An old text should not be judged only according to the language we would use today. It must also be understood as an expression of the time, the knowledge, and the situation in which it was written. Returning to it therefore does not mean placing oneself above one’s former self and correcting every error. It means entering into conversation with the person one once was.

I can ask the earlier text:

What were you trying to understand?

What did you see clearly?

What were you not yet able to express?

Where did you hide behind theory?

And which insights deserve to be brought forward again?

At the same time, the old text can question me:

Do you still have the courage to speak with a moral voice?

Is recognition still more than an academic concept?

Do you still believe that social work must begin where the other person is?

Have the years made you wiser, or merely more certain?

In this way, rereading becomes a dialogue between two moments within a single life. One voice belongs to the researcher who stood in the midst of the work. The other belongs to the older reader who knows something of the distance between what we once hoped to understand and what life later taught us.

Neither voice possesses the whole truth.

Not a Closed Past

A doctoral dissertation comes to an end. It is submitted, defended, and approved. But the questions that gave rise to it do not necessarily end.

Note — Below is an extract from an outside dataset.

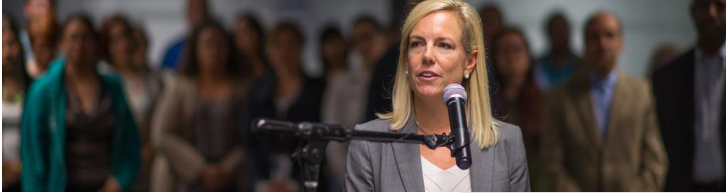
Kirstjen Nielsen, Secretary of Homeland Security, addresses staff in charge of response and recovery efforts at the new Joint Field Office (JFO) in Puerto Rico.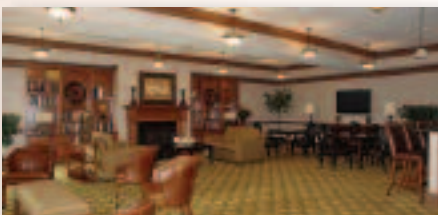
Private Club & Party Center

Shame is still present in human lives. Children are still made responsible for the actions of adults. Mothers are still blamed for violations they did not commit. People still attempt to hide because they experience something as fundamentally wrong with who they are. Helpers are still confronted by the question of how they can meet suffering without reducing the other person to a case.

This is why I return.

I wish to take these thoughts out of the scientific architecture of the dissertation and give them another kind of space. Not to make them simpler than they are, but to make them more accessible. Not to remove theory, but to allow theory to step back when it stands in the way of the human question.

This series will explore shame as something more than an emotion. Shame concerns our relationship with ourselves, with the body, with other human beings, and with the community to which we seek to belong. It may arise when the bonds between people are threatened or broken. It may cause a person to withdraw, remain silent, and make themselves invisible. But shame can also be encountered. It can be given language. And through recognition, a person may slowly begin to reclaim themselves.

This was a fundamental idea in the dissertation.

It is no less important today.

Returning to an old text is therefore not merely a matter of looking backwards. It is a way of asking whether something from the past may still open a path forward. The dissertation belongs to 2009. The questions still belong to us.


Returning to an old text is therefore not merely a matter of looking backwards. 
It is a way of asking whether something from the past may still open a path forward.


This essay introduces the series “From Dissertation to Essay” and is based on the doctoral dissertation: Pettersen, K. T. (2009). An Exploration into the Concept and Phenomenon of Shame within the Context of Child Sexual Abuse: An Existential-Dialogical Perspective of Social Work within the Settings of a Norwegian Incest Centre. NTNU.